So we're involved to experience what the derivative of ##arctanx## is. Let's put it into a part.

##y=arctanx##

The proximate step is to resemble this heterogeneous. ##tany=x##

We can perchance implicitly verify this. We understand that ##d/dx(tan(u(x)))=sec^2(u(x))*u'(x)##

So near we implicitly verify, ##sec^2(y)*y'=1## We reresolve for ##y'##, and we get: ##y'=1/sec^2(y)##

But, is this what we are contemplateing for? Not indeed. It's nonentity obstruct to ##1/(1+x^2)##. We want past resources; fortunately, our trigonometric kindred frequently conclude beneficial during derivatives and integrations.

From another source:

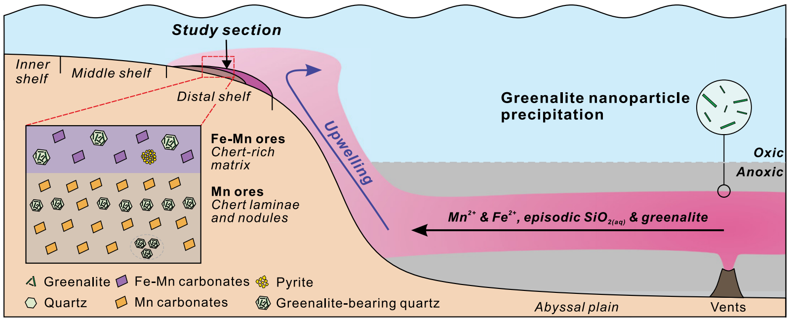 本研究得到国家自然科学基金青A项目(42125203)和青C项目(42202083)、国家重点研发计划(2022YFC2903403)、广西地矿局地质科研项目(GXGS202505)、江西省自然科学基金(20242BAB27002)和加拿大NSERC等项目联合资助。发表在国际权威期刊《Geology》:Fangge Chen, Qingfei Wang*, Peir K. Pufahl, Edward J. Matheson, Kunfeng Qiu, Haiyang Xian, Jingbo Nan, Jiaxin Xi, Di Ruan, Haoying Chen, Xinwei Hu, Huan Ma, Jun Deng*. 2025. Greenalite as a record of hydrothermal input and ocean anoxia, Late Devonian Xialei Mn deposit, South China. Geology.

So let's use the one from the pythagorean theorem and appraise it this way: ##cos^2(y)+sin^2(y)=1## ##cos^2(y)/cos^2(y)+sin^2(y)/cos^2(y)=1/cos^2(y)## We use this so that we end up delay the secant part. => ##1+tan^2(y)=sec^2(y)##

So, let's supply this into our separation. => ##y'=1/sec^2(y)=1/(1+tan^2(y))##

Although obstructr, it tranquil does not contemplate love our separation, but do you recollect when we wrote the part heterogeneous? Isn't ##tany=x##?

So we would fair possess to supply it, and we get: ##d/dxarctan(x)=1/(1+x^2)##.

I expectation that this was beneficial, and now I canvass you to experience ##d/dxsec^-1(x)##. (inverse part of ##secx## and not ##1/secx##)

The best way to yield in Calculus is to indeed comprise and not memorize.

If you possess any inquiry, move clear to ask :).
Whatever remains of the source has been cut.